TASK TO CARRY OUT: Reproduce, exactly, the lines of the material below from the line containing "张志刚传达了校党委书记尚庆飞所作的题为《共担新使命 同塑新辉煌》的讲话精神和校长施卫东所作的题为《凝心聚力 勇毅前行" through the line containing "This Women's Shorts", with both end lines included and nothing else.

INPUT MATERIAL:

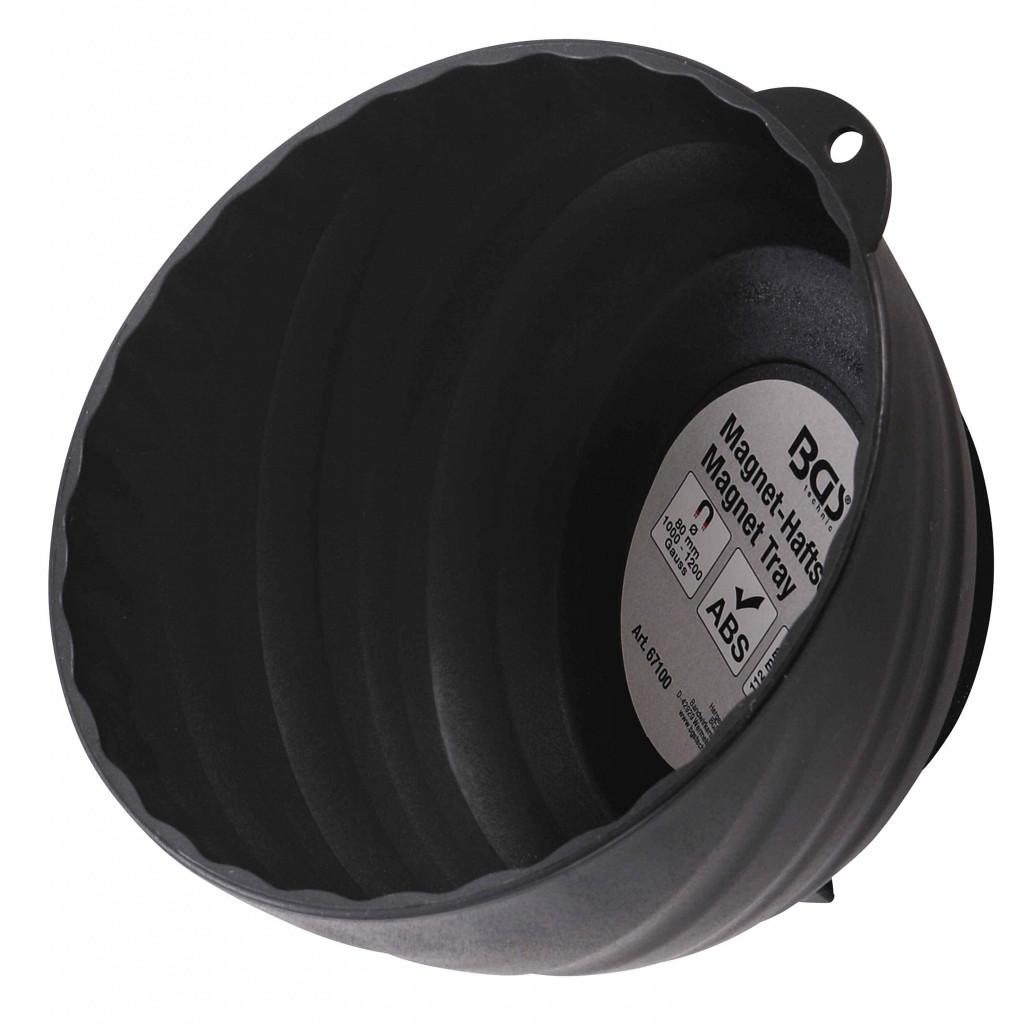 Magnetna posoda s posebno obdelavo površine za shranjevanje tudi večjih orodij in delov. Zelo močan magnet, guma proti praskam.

---

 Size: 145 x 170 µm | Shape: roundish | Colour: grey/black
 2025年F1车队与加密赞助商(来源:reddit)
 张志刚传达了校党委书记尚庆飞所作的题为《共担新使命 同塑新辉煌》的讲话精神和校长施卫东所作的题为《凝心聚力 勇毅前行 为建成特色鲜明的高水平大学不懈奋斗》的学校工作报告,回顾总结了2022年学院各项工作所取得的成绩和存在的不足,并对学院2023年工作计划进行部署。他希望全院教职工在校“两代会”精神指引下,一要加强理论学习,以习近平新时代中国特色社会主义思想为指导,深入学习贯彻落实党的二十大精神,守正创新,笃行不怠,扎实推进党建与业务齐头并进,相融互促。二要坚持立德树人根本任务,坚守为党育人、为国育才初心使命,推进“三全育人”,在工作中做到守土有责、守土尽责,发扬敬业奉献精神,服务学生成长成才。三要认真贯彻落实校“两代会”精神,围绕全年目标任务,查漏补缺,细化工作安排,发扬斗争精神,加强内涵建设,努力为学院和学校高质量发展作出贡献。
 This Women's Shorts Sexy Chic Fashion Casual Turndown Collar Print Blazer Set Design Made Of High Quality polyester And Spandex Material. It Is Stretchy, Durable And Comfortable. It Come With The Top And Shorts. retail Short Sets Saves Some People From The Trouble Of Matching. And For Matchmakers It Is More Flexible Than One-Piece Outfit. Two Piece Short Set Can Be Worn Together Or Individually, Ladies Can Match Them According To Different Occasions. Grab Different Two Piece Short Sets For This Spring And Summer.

RESULT OF THIS EXERCISE:
 张志刚传达了校党委书记尚庆飞所作的题为《共担新使命 同塑新辉煌》的讲话精神和校长施卫东所作的题为《凝心聚力 勇毅前行 为建成特色鲜明的高水平大学不懈奋斗》的学校工作报告,回顾总结了2022年学院各项工作所取得的成绩和存在的不足,并对学院2023年工作计划进行部署。他希望全院教职工在校“两代会”精神指引下,一要加强理论学习,以习近平新时代中国特色社会主义思想为指导,深入学习贯彻落实党的二十大精神,守正创新,笃行不怠,扎实推进党建与业务齐头并进,相融互促。二要坚持立德树人根本任务,坚守为党育人、为国育才初心使命,推进“三全育人”,在工作中做到守土有责、守土尽责,发扬敬业奉献精神,服务学生成长成才。三要认真贯彻落实校“两代会”精神,围绕全年目标任务,查漏补缺,细化工作安排,发扬斗争精神,加强内涵建设,努力为学院和学校高质量发展作出贡献。
 This Women's Shorts Sexy Chic Fashion Casual Turndown Collar Print Blazer Set Design Made Of High Quality polyester And Spandex Material. It Is Stretchy, Durable And Comfortable. It Come With The Top And Shorts. retail Short Sets Saves Some People From The Trouble Of Matching. And For Matchmakers It Is More Flexible Than One-Piece Outfit. Two Piece Short Set Can Be Worn Together Or Individually, Ladies Can Match Them According To Different Occasions. Grab Different Two Piece Short Sets For This Spring And Summer.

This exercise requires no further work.